In [None]:
# Copyright 2024, Nikolaos Panagiotou, npan1990@gmail.com
# Licensed under the Apache License, Version 2.0 (the "License");
# you may not use this file except in compliance with the License.
# You may obtain a copy of the License at
#     http://www.apache.org/licenses/LICENSE-2.0
# Unless required by applicable law or agreed to in writing, software
# distributed under the License is distributed on an "AS IS" BASIS,
# WITHOUT WARRANTIES OR CONDITIONS OF ANY KIND, either express or implied.
# See the License for the specific language governing permissions and
# limitations under the License.

In [1]:
import json

import transformers
import datasets
import pandas as pd
import numpy as np
from transformers import AutoModelForQuestionAnswering, AutoTokenizer, pipeline

# Evaluate SQUAD

This is a notebook that helps the evaluation of the SQUAD dev set using custom fine tuned approaches.
This is a simplistic implementation of F1 and EM scores and can not be directly comparred to the original scores.

In [2]:
DEV_FILE = '../data/squad/dev-v2.0.json'

In [3]:
devset_d = json.load(open(DEV_FILE))

In [4]:
devset_df = pd.DataFrame(devset_d['data'])
devset_df['paragraphs_number'] = devset_df['paragraphs'].str.len()
devset_df['doc_id'] = range(1,devset_df.shape[0]+1)
paragraphs_devset_df = devset_df.explode(['paragraphs'])
paragraphs_devset_df['paragraph_id'] = range(1,paragraphs_devset_df.shape[0]+1)
paragraphs_devset_df['qa'] = paragraphs_devset_df.apply(lambda x: x['paragraphs']['qas'], axis=1)
paragraphs_devset_df['context'] = paragraphs_devset_df.apply(lambda x: x['paragraphs']['context'], axis=1)
paragraphs_devset_df['number_qa'] = paragraphs_devset_df['qa'].str.len()
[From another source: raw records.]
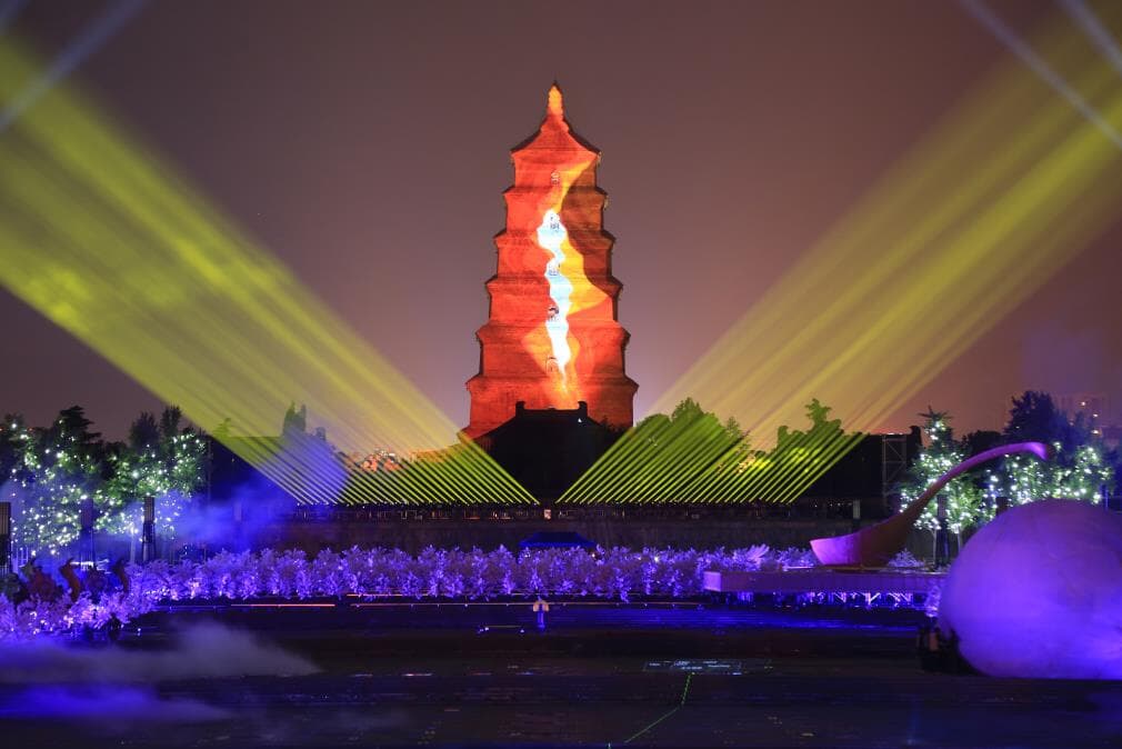 大唐芙蓉园里全球幅宽最大的水幕电影、大雁塔的灯光秀等,元宵节夜晚,500架无人机在高新区上演“西安之夜”!科技感十足,红遍网络,惊艳世界。
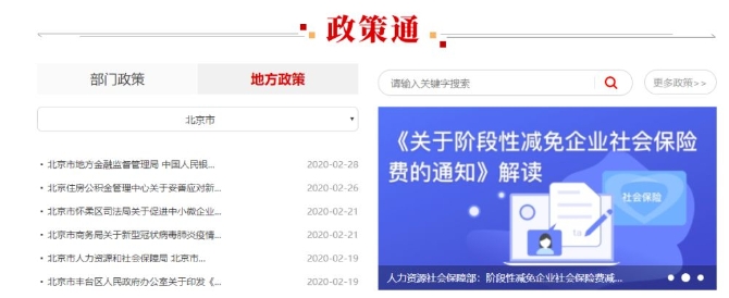 当前,各地区各部门纾困中小微企业的政策“大礼包”正在密集出台。“政策通”版块及时分类汇集了国务院各有关部门和各地区最新出台的有关支持小微企业、个体工商户复工复产的政策措施,以及相关政策的权威深度解读,包括复工复产、稳企稳岗、金融财税、缓缴社保、租金减免、水电气优惠政策等。办事企业和群众在快速查询相关政策的同时,还可以一站式在线办理相关服务业务,并及时反馈对相关政策服务的意见建议。
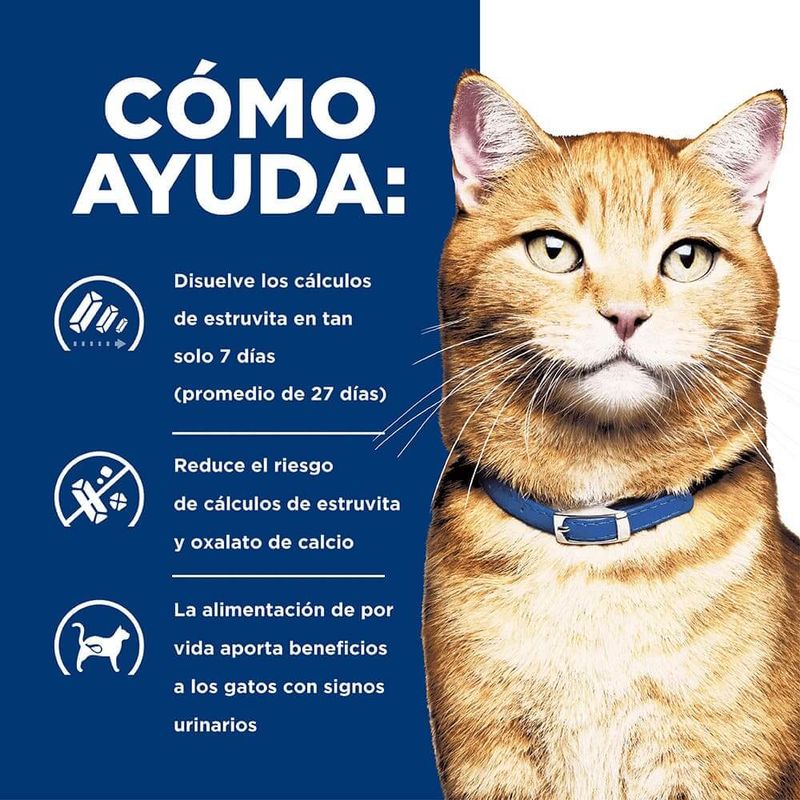 Hill's Alimento Húmedo para Gato Cuidado Urinario Prescription Diet C/D está formulado para el manejo nutricional de gatos adultos con afecciones del tracto urinario inferior. Su receta clínica ayuda a disolver cálculos de estruvita y a reducir su recurrencia, además de apoyar la disminución del riesgo de formación de oxalato de calcio. El control del pH urinario y de minerales clave contribuye a una vejiga más saludable. Su formato húmedo favorece una mayor ingesta de agua, apoyando la dilución urinaria y la hidratación diaria, con alta palatabilidad para una mejor adherencia al tratamiento.

q_devset_df = paragraphs_devset_df.explode(['qa'])
q_devset_df['question'] = q_devset_df.apply(lambda x: x['qa']['question'], axis=1)
q_devset_df['answers'] = q_devset_df.apply(lambda x: x['qa']['answers'], axis=1)
q_devset_df['answers_number'] = q_devset_df['answers'].str.len()

qa_devset_df = q_devset_df.explode(['answers'])
positive_qa_devset_df = qa_devset_df[~qa_devset_df['answers'].isnull()].copy()
positive_qa_devset_df['answer'] = positive_qa_devset_df.apply(lambda x: x['answers']['text'], axis=1)

In [37]:
# For custom model
checkpoint = 'npan1990/squad-distil-bert'
model = AutoModelForQuestionAnswering.from_pretrained(checkpoint).to('cuda:0')
tokenizer = AutoTokenizer.from_pretrained('distilbert-base-uncased')

In [6]:
# for pretrained model
checkpoint = 'distilbert/distilbert-base-cased-distilled-squad'
model = AutoModelForQuestionAnswering.from_pretrained(checkpoint).to('cuda:0')
tokenizer = AutoTokenizer.from_pretrained(checkpoint)

In [13]:
# for distilbert model
checkpoint = 'distilbert-base-uncased'
model = AutoModelForQuestionAnswering.from_pretrained(checkpoint).to('cuda:0')
tokenizer = AutoTokenizer.from_pretrained(checkpoint)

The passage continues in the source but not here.